La storia personale di Abu Khaled non è quella di un fanatico religioso ansioso di farsi saltare in aria per guadagnarsi il paradiso. Abu è un siriano istruito, credente ma non fervente, in grado di parlare correttamente diverse lingue e con una formazione militare. In sostanza tutte qualità utili all’Isis. Perché allora la decisione di entrare a far parte del Califfato? “L’ho presa il 19 ottobre 2014, un mese dopo che la coalizione guidata dagli Stati Uniti aveva avviato una campagna di bombardamenti su Raqqa, la provincia orientale dove si trovava la cosiddetta capitale dell’Isis”.
 
“Due mesi nel tribunale della Sharia”
Abu Khaled si era convinto che l’America fosse complice di una cospirazione globale guidata dalla Russia e dall’Iran il cui scopo era quello di fare in modo che il tiranno Bashar al-Assad rimanesse al potere in Siria. “A parte questo ero anche curioso. In tutta onestà non me ne pento. Volevo conoscerli e adesso so benissimo chi sono”. Abu è stato accolto dall’Isis come un immigrato. La procedura di registrazione è complicata e quanto mai dettagliata. “Mi consideravano un immigrato nel mio Paese perché non ero cittadino del Califfato”, spiega. “Quindi dovevo essere prima “naturalizzato” e poi dovevo superare un esame per ottenere la cittadinanza”. Una volta superato l’esame per la cittadinanza ci fu la parte del- l’indottrinamento: “Ho frequentato il tribunale della Sharia per due mesi. Mi hanno insegnato a odiare e a ritenere come autentica solo la loro interpretazione dell’Islam secondo cui è nostro dovere uccidere tutti coloro che non sono musulmani”.
Nei primi mesi Khaled conobbe tedeschi, olandesi, francesi, venezuelani, inglesi, americani e russi.
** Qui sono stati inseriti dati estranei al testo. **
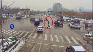 雨雪天气,道路结冰,一面包车失控跑出“舞步”酿车祸

Era insomma una sorta di “internazionale jihadista” i cui membri per lo più non parlavano arabo e Khaled fungeva spesso da interprete. Per dimostrare di aver rinnegato la loro origine, i combattenti stranieri dovevano bruciare pubblicamente il loro passaporto.
Prima della battaglia per la conquista di Kobane, l’Isis aveva un’aura di invincibilità e i combattenti arrivavano da ogni parte del mondo per unirsi ai guerrieri del Califfato.
 
L’ecatombe di Kobane e il crollo “vocazioni”
Ma in quella battaglia – che vedeva schierati sul fronte opposto i paramilitari curdi con l’appoggio dell’aviazione americana – morirono migliaia di jihadisti anche per l’incapacità strategica dei comandanti. “Nel momento di massima popolarità del Califfato arrivavano ogni giorno 3.000 stranieri desiderosi di entrare a far parte dell’Isis. Oggi ne arrivano al massimo 50 o 60 al giorno”. L’improvvisa riduzione del numero di volontari ha indotto i leader del Califfato a cambiare strategia incoraggiando la formazione di “cellule dormienti” in tutto il mondo. “L’Isis ha chiesto ai suoi seguaci di rimanere nei loro Paesi d’origine e di organizzare sul posto attentati, uccisioni, disordini”, racconta Khaled.
Gli attentati di Parigi sono probabilmente figli di questo mutamento di strategia. Se così fosse ci sarebbe da temere il peggio.